Hey folks. We're currently running fleet in our en...
# fleet
a
Hey folks. We're currently running fleet in our environment in a horizontally scaled setup - multiple fleet servers sharing one db and redis store. On two of our fleet servers the devices that are showing as "offline" are actually showing as online in other fleet servers. the hosts/devices are indeed up when I check the osquery communication with their respective fleet server. We are not running this setup loadbalanced, rather every DC has one fleet server that serves as the TLS server for osquery agents within that DC. Any ideas what could be the problem? Here's what I have checked so far: 1. increased maximum connections support on the db and fleet servers 2.
--verbose
--tls_dump
flags with osquery agents shows that the connection is stable and the agents are able to communicate properly 3. the db is working fine and is reflecting latest
last_seen_time
in the hosts table 4. packet capture shows consistent data exchange between mysql server and the affected fleetdm servers.
m
Are you receiving any errors?
a
Hello Martavis. Nothing that would clearly relate to the issue.
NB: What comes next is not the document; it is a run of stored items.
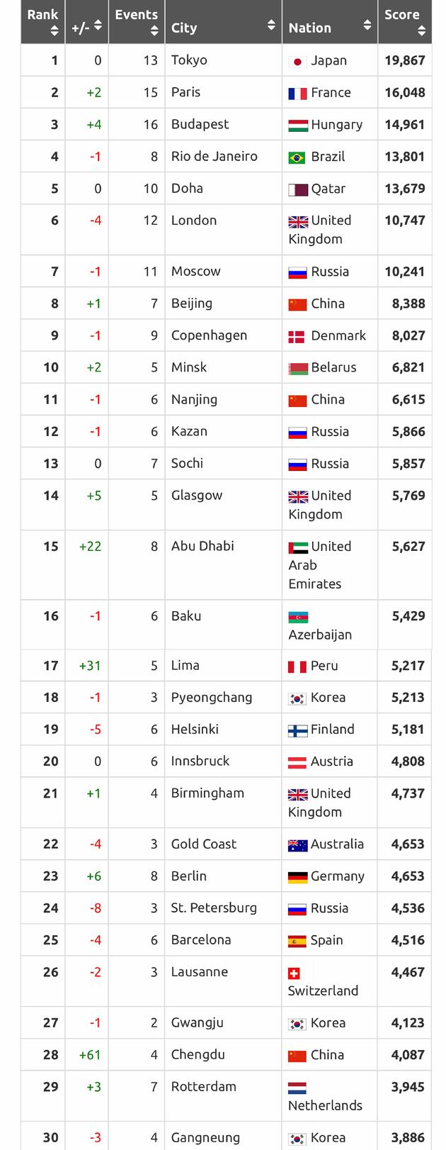 英国伦敦当地时间4月30日,体育市场情报服务商Sportcal发布了2019年的全球赛事影响力(GSI)的国家和城市榜单,中国打破了美国对于该榜单连续三年的垄断,升至第一名。而全球体育赛事前三十强中,亦首次有三座中国城市上榜,分别是北京市、南京市和成都市。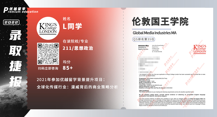 ? 【轉(zhuǎn)專(zhuān)業(yè)申請(qǐng)】放棄英專(zhuān)跨申傳媒,拿下全英第三的KCL傳媒offer!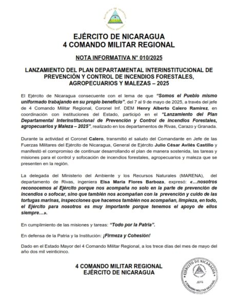 Del 7 al 9 de mayo de 2025, el Ejército de Nicaragua, a través del 4 Comando Militar Regional, participó en el lanzamiento del Plan Departamental Interinstitucional de Prevención y Control de Incendios Forestales, Agropecuarios y Malezas 2025, en los departamentos de Rivas, Carazo y Granada. Durante la actividad, el jefe del Comando, Coronel Henry Alberto Calero Ramírez, reafirmó el compromiso institucional de contribuir de manera sostenida en las labores de prevención, control y sofocación de incendios. Autoridades del MARENA destacaron el respaldo del Ejército en acciones ambientales como la protección de tortugas marinas e inspecciones territoriales.
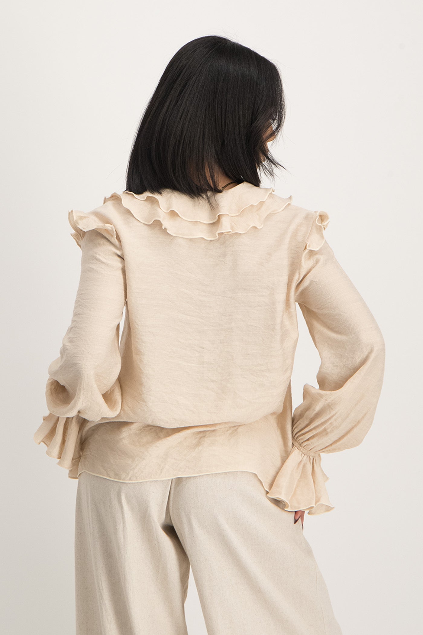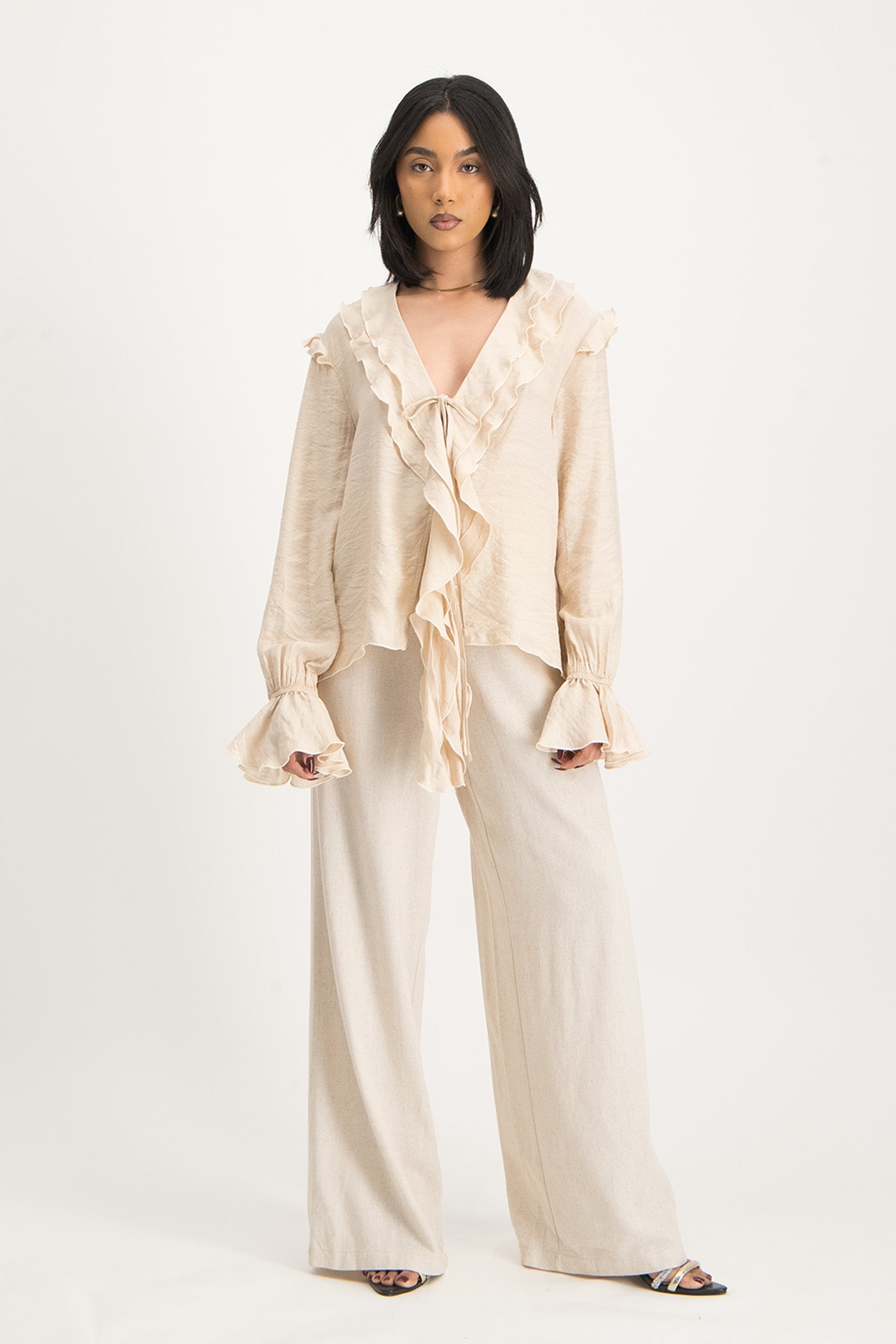 Reese Tie Front Ruffle Blouse - Stone
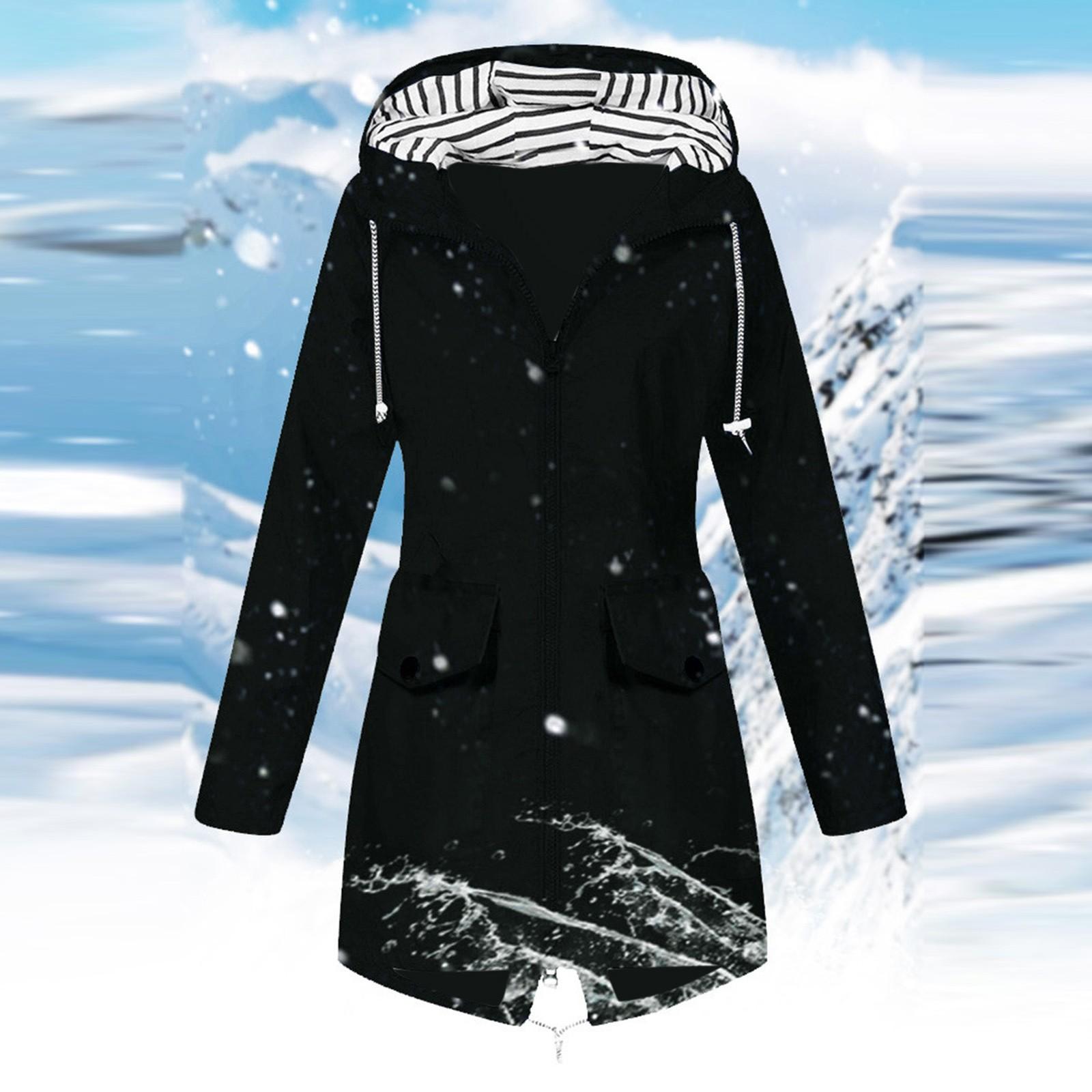 Женская однотонная полосатая дождевик на открытом воздухе плюс водонепроницаемый плащ с капюшоном ветрозащитный L чёрный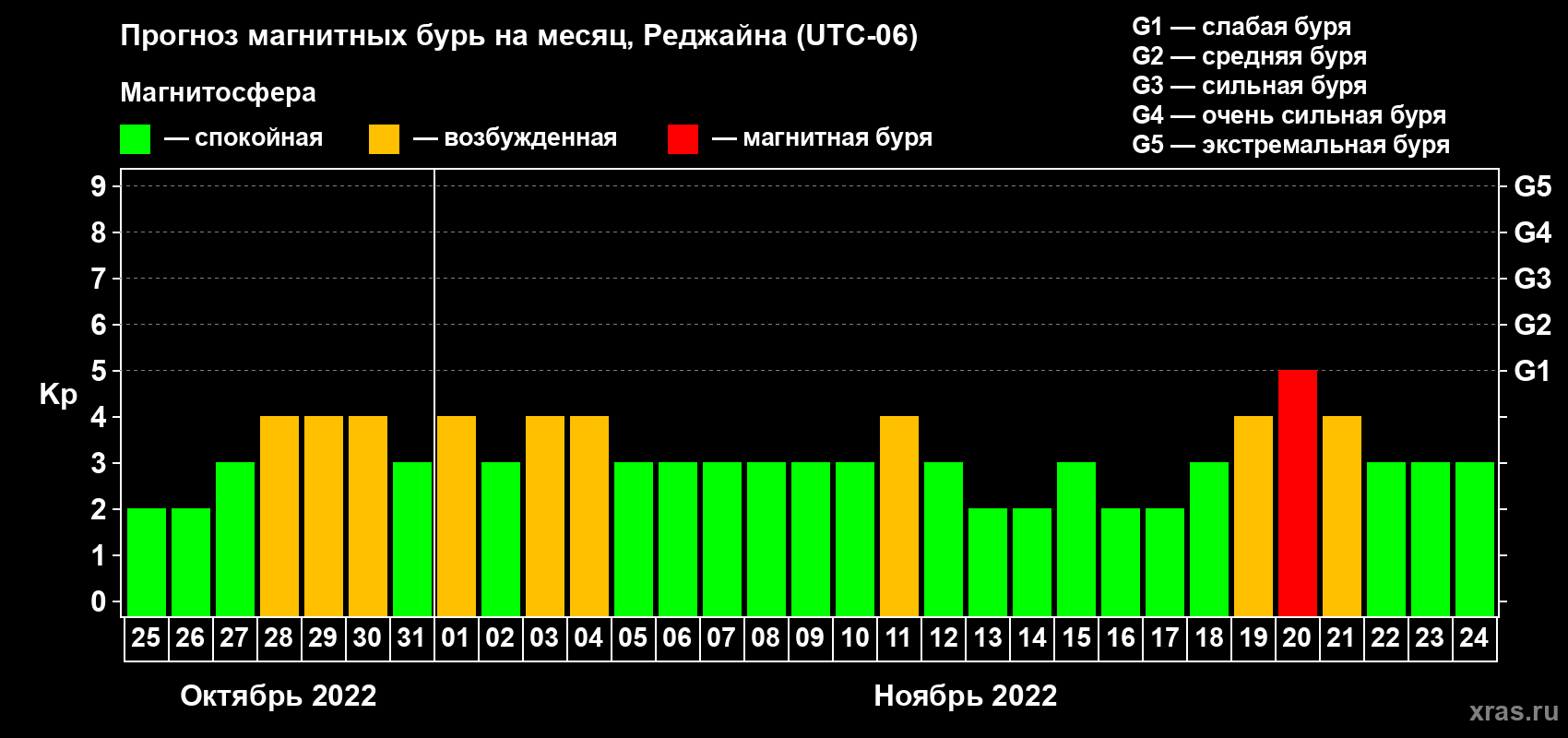 Прогноз магнитных бурь в Реджайне на 25 октября 2022 года

I am seeing some
Bad MAC
TLS errors but those are related with enrollments of specific hosts
m
Is this something that's new or have you always seen this issue?
a
It was totally new but I fixed it just now with a complete reboot of the affected fleet server. It must be an internal networking issue related to our internal services. BTW thank you for the help!
m
No problem at all. I'm glad to hear it's working again.